■ PROVIDED MATERIAL:
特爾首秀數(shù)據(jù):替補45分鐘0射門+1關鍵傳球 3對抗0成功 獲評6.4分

* * *

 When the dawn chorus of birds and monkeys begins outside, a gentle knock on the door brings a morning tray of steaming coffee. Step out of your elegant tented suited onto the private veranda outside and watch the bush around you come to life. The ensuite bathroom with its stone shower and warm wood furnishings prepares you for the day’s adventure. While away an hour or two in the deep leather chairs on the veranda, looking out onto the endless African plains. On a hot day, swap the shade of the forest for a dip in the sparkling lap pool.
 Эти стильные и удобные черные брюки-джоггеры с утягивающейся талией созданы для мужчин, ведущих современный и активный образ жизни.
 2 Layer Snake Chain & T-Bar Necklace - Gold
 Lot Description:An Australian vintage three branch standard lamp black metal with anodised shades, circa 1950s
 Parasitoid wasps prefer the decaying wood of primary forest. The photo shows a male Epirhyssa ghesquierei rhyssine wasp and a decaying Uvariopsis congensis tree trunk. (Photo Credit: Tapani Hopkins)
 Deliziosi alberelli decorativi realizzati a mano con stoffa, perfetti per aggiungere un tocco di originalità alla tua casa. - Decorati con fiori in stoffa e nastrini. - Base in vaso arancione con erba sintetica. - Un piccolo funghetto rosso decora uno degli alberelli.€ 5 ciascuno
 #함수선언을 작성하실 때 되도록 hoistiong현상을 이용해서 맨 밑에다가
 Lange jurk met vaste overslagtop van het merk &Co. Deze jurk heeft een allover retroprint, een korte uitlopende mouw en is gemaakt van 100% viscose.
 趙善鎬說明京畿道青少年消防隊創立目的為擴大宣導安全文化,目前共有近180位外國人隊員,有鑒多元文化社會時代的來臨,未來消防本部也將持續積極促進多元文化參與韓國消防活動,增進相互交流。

--

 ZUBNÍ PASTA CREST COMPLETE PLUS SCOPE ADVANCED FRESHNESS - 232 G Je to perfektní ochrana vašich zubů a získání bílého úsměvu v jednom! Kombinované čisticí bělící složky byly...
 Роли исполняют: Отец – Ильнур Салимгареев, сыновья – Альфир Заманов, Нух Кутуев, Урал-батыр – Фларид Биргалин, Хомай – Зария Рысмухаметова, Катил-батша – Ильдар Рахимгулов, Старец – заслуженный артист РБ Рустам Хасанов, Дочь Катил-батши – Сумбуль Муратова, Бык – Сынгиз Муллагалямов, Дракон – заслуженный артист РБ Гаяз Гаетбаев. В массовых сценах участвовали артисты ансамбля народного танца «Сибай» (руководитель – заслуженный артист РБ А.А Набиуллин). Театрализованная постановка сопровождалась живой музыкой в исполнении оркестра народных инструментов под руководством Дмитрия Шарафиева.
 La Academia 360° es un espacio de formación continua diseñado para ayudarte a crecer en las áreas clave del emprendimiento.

■ TASK DETAILS: Could you restate word for word the lines above, from the one that contains "Lange jurk met" through the one that contains "趙善鎬說明京畿道青少年消防隊", and no others?

■ THE COMPLETED TASK:
 Lange jurk met vaste overslagtop van het merk &Co. Deze jurk heeft een allover retroprint, een korte uitlopende mouw en is gemaakt van 100% viscose.
 趙善鎬說明京畿道青少年消防隊創立目的為擴大宣導安全文化,目前共有近180位外國人隊員,有鑒多元文化社會時代的來臨,未來消防本部也將持續積極促進多元文化參與韓國消防活動,增進相互交流。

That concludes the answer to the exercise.